Ha lo sguardo di chi si è fatto da solo, di chi è cresciuto prima degli altri. E poi un pizzico di presunzione, né troppa né troppo poca. Il giusto mix. Vedere per credere. Alla fine sta tutto in quel rigore, una serie di immagini che racconta lui stesso: «Non voglio essere presuntuoso - dichiara ridendo - ma ero sicuro che avrei fatto gol». Prende il pallone, lo posiziona sul dischetto e calcia: «Tra me e me mi sono detto di calciarlo lì, sono riuscito a farlo e sono contentissimo di questo». Finisce lì, sotto l'incrocio dei pali. Alla sua destra, alla sinistra del portiere: «Ho aperto ed è andata bene». Sempre con il sorriso. E poi la corsa, quella dannata corsa... Sotto la tribuna, in visibilio. Con le braccia aperte come a dire: «L'ho messa lì, visto?». Da lì a poco sarebbe successo un po' di tutto, nell'ordine: triplice fischio di Barbetti di Arezzo, Stefano Arata che la mostra al cielo e un coro. È il più vecchio, il più bello: «Siamo noi, siamo noi...». E poi? «I Campioni dell'Italia siamo noi».
Mentre parla è in dolce compagnia. Niente Rosita, almeno in quel momento. L'avrebbe vista poco dopo fuori dallo stadio. Un qualcosa di più materiale, la medaglia d'oro. Quella mostrata poco prima a chi gli vuole bene, quella che tiene in mano stretta stretta, quasi a non volerla lasciare più. «Questa me la godo, per me è stata una rivincita dopo aver perso la finale due anni fa». Tutto qui? Macché, tempo un paio di secondi e continua: «Proprio contro la Roma, mi sono preso una bella rivincita».

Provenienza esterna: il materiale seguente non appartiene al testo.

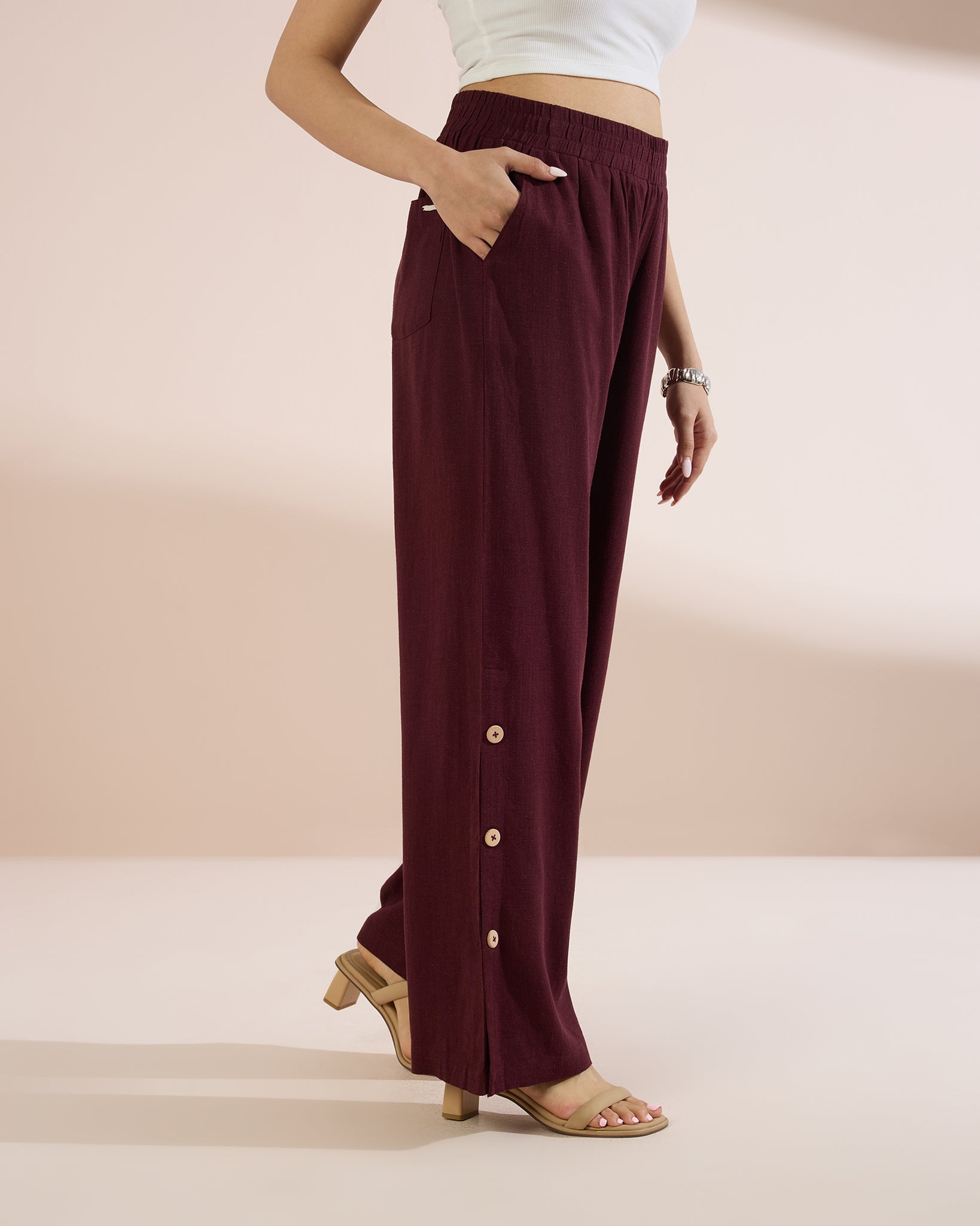 Crafted from breathable, soft linen, these trousers offer a relaxed fit that moves with you, perfect for both workdays and weekend escapes. The button-down detail adds a subtle touch of sophistication, while the versatile silhouette pairs seamlessly with everything from crisp shirts to casual tees. Comfort, style, and simplicity - all in one staple piece.

Si ricorda tutto perfettamente. Ma tutto per davvero: campo, risultato e pure orario. Era giugno, precisamente il 29. Era Ravenna, ovviamente il Bruno Benelli. Era la finale Scudetto di Under 17 contro la Roma... persa. Ma qualcosa non torna. Chi se l'è domandato ancora stenta a crederci: «Ma com'è possibile che abbia giocato una finale Scudetto tre anni fa?». Semplicemente giocando non uno, ma ben due anni sotto età. E giocando per davvero, più precisamente tutto il secondo tempo di un ultimo atto più "agro" che "dolce".
Quel vizio ce l'ha ancora. E forse forse basterebbero le 25 presenze e i 5 gol in Primavera. Chiaramente da sotto età, altrimenti che gusto c'è? Poi il "passo indietro" con l'Under 18, quindi il primo Scudetto della sua vita: «È stata una partita fantastica, abbiamo dato anche l'anima e siamo stati ripagati. Non se l'aspettava nessuno, vincere così è stupendo».
Arrivederci al prossimo anno? Nossignore. O meglio, non ancora. Prima c'è un Europeo da conquistare e chissà, magari pure da vincere: «Spero tanto di poter essere convocato, vedremo. Intanto sono felice di aver dato il mio contributo». Fattuale? Fattuale. Due partite strepitose, la prima contro l'Inter e la seconda contro la Roma. Lui era sempre lì, sulla trequarti mancina alle spalle di Ekhator. Ovviamente con tutto il meglio che la casa sa offrire: tecnica (tanta), estro (tantissimo), talento (a grappoli) e fantasia (serve davvero dirlo?). Roba da Marco Romano, roba da Campioni d'Italia.